:: AIM OF THE EXERCISE ::
Take the lines below between the one holding "スポットビール祭りパーティー" and the one holding "1998-2005 | |", inclusive, and copy them exactly. Add nothing.

[Items from a dataset]
============

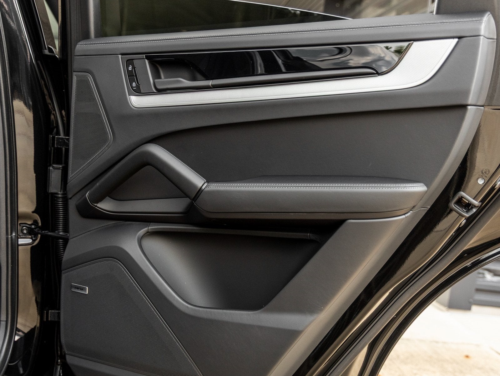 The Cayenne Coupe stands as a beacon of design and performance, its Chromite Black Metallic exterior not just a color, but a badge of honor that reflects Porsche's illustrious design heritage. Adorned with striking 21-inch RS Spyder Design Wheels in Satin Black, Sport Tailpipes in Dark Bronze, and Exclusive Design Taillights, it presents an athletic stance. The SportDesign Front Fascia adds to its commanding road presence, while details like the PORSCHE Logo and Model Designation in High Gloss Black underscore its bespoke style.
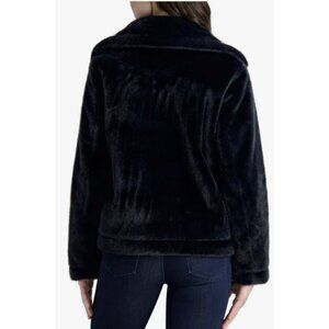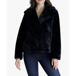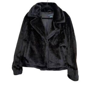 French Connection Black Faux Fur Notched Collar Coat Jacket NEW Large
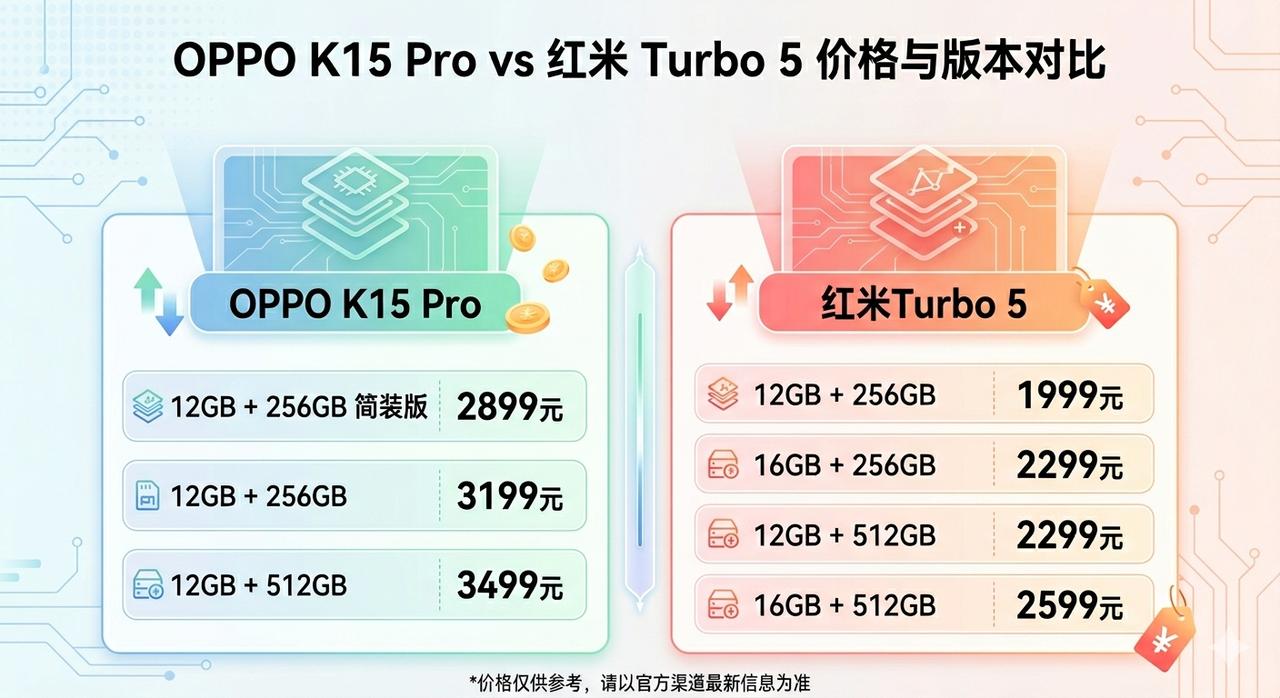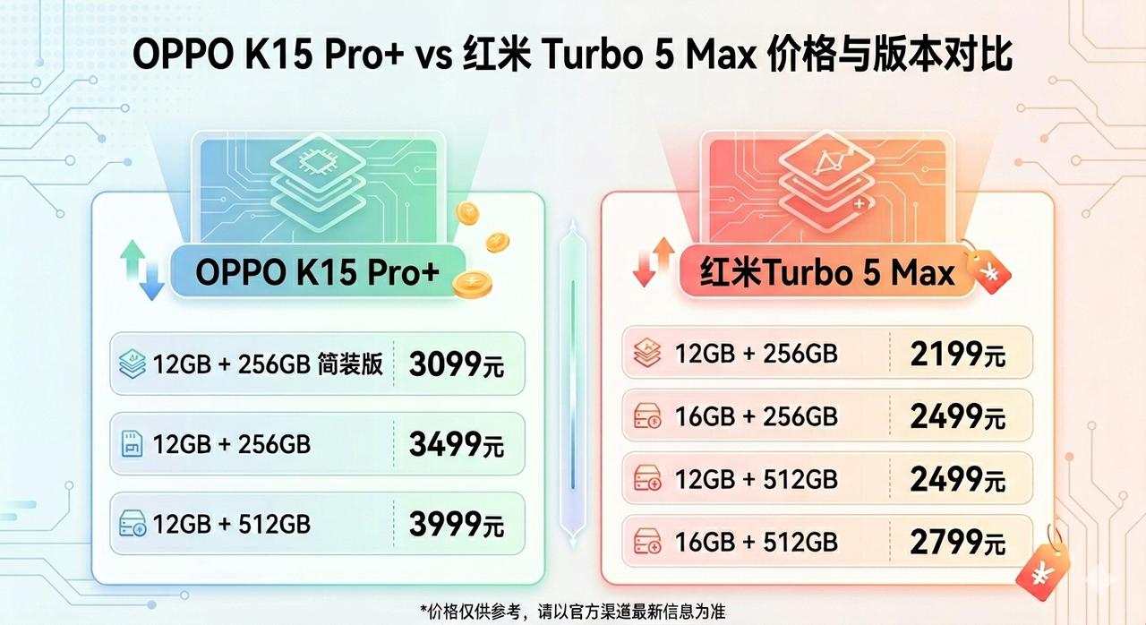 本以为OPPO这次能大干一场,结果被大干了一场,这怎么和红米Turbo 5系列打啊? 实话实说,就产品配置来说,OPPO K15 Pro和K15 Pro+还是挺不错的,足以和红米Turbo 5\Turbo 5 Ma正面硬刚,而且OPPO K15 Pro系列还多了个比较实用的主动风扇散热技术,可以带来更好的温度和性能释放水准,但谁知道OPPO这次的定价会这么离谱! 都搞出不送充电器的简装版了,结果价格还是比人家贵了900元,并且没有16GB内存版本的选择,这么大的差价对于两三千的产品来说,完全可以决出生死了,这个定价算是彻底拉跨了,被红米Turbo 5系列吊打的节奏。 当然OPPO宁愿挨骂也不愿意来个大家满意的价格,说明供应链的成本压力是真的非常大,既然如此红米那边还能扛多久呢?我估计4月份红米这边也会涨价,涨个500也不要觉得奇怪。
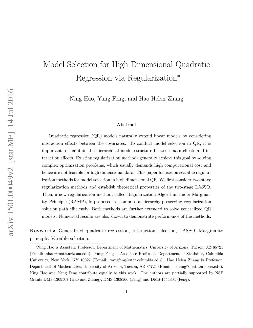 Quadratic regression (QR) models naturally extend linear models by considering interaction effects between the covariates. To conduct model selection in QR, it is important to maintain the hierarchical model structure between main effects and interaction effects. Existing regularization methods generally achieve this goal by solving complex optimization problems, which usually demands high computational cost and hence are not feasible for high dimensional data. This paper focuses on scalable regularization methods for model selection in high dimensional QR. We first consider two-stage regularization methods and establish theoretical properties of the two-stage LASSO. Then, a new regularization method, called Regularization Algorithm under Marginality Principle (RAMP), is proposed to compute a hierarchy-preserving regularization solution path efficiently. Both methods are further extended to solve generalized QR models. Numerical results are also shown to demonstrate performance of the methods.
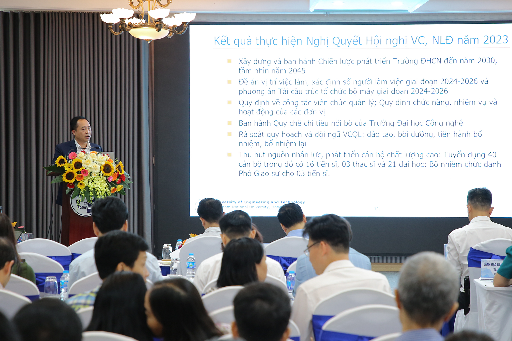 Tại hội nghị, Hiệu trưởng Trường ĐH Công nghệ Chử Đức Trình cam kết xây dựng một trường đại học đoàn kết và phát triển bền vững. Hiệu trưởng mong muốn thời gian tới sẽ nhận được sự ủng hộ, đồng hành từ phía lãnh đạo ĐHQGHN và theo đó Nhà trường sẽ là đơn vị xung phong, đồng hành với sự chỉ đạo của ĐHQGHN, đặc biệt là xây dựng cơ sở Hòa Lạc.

============

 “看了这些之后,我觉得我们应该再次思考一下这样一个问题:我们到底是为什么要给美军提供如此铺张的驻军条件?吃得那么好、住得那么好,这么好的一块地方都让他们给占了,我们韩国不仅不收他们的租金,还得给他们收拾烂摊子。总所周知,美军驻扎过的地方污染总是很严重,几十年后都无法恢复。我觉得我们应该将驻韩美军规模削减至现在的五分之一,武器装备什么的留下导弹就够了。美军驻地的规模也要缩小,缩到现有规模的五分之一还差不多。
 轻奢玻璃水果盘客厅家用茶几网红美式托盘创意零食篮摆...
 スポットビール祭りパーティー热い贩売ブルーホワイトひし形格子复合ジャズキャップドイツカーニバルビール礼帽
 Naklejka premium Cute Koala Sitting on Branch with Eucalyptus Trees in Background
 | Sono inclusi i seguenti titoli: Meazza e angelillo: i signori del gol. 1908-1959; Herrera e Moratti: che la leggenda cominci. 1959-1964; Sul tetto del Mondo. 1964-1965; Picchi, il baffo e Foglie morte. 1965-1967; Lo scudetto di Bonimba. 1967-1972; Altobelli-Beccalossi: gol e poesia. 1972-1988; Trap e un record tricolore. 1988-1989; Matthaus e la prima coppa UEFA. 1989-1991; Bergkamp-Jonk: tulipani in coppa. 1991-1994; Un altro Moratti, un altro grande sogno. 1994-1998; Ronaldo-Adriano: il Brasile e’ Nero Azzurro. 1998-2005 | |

============

:: ANSWER TO THE EXERCISE ::
 スポットビール祭りパーティー热い贩売ブルーホワイトひし形格子复合ジャズキャップドイツカーニバルビール礼帽
 Naklejka premium Cute Koala Sitting on Branch with Eucalyptus Trees in Background
 | Sono inclusi i seguenti titoli: Meazza e angelillo: i signori del gol. 1908-1959; Herrera e Moratti: che la leggenda cominci. 1959-1964; Sul tetto del Mondo. 1964-1965; Picchi, il baffo e Foglie morte. 1965-1967; Lo scudetto di Bonimba. 1967-1972; Altobelli-Beccalossi: gol e poesia. 1972-1988; Trap e un record tricolore. 1988-1989; Matthaus e la prima coppa UEFA. 1989-1991; Bergkamp-Jonk: tulipani in coppa. 1991-1994; Un altro Moratti, un altro grande sogno. 1994-1998; Ronaldo-Adriano: il Brasile e’ Nero Azzurro. 1998-2005 | |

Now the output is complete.